> **What is being asked**
Print exactly the line that contains "今日下午,Anson Lo的", then every following line through the end of the material; include nothing else and no pictures.

> **Collected material**

::::::::::

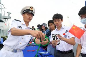(250930) -- HONG KONG, 30 septiembre, 2025 (Xinhua) -- Estudiantes aprenden a hacer nudos mientras visitan el buque naval Qi...
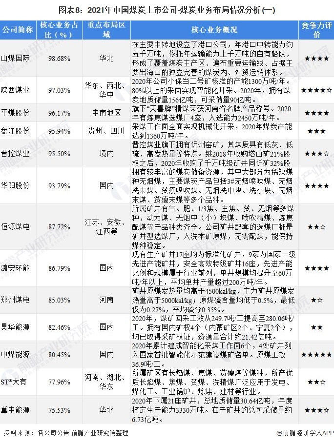 煤炭行业的上市公司中,基本均以国内业务为主。由于煤炭的区域性特征较强,煤炭上市企业的重点布局区域基本围绕煤炭资源邻近地展开。从核心业务占比的情况来看,山煤国际(600546)有98.68%的收入来自煤炭行业,且整体竞争力较强。
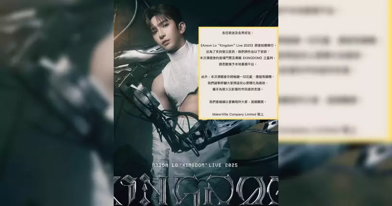 今日下午,Anson Lo的經理人公司MakerVille在官方社交平台發出正式聲明,宣布演唱會將如期舉行的同時,作出特別安排支援災民。聲明指出「本次演唱會的首場門票及專輯《KINGDOM》之盈利,將悉數捐予本地募捐平台」,展現出藝人的社會責任感。除了捐出收益外,演唱會更將「婉謝一切花籃、應援等饋贈」,呼籲粉絲將心意轉化為善款,攜手為受火災影響的市民提供支援。
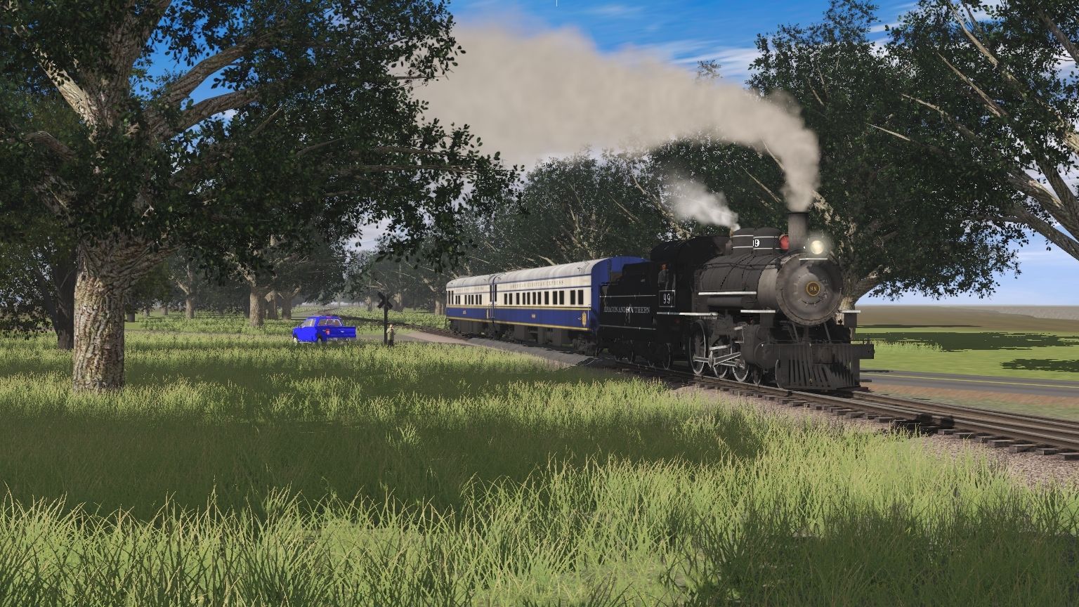 Tags: Trainz Railroad Simulator 2019, Aragon & Southern, A&S 4-6-0 Engine, A&S 4-6-0 Tender, AEE Sleeper Paris, AEE Parlor New York, 73ft Centerbeam GTW 3, 73ft Centerbeam NOKL, 73ft Centerbeam TTX 2, 73ft Centerbeam STRX, BNSF 73ft Centerbeam (safety stripes) v2, ARMN PCF 57' Reefer, TPIX Mechanical Refrigerator Boxcar Weathered 1

::::::::::

> **Exercise output**
 今日下午,Anson Lo的經理人公司MakerVille在官方社交平台發出正式聲明,宣布演唱會將如期舉行的同時,作出特別安排支援災民。聲明指出「本次演唱會的首場門票及專輯《KINGDOM》之盈利,將悉數捐予本地募捐平台」,展現出藝人的社會責任感。除了捐出收益外,演唱會更將「婉謝一切花籃、應援等饋贈」,呼籲粉絲將心意轉化為善款,攜手為受火災影響的市民提供支援。
 Tags: Trainz Railroad Simulator 2019, Aragon & Southern, A&S 4-6-0 Engine, A&S 4-6-0 Tender, AEE Sleeper Paris, AEE Parlor New York, 73ft Centerbeam GTW 3, 73ft Centerbeam NOKL, 73ft Centerbeam TTX 2, 73ft Centerbeam STRX, BNSF 73ft Centerbeam (safety stripes) v2, ARMN PCF 57' Reefer, TPIX Mechanical Refrigerator Boxcar Weathered 1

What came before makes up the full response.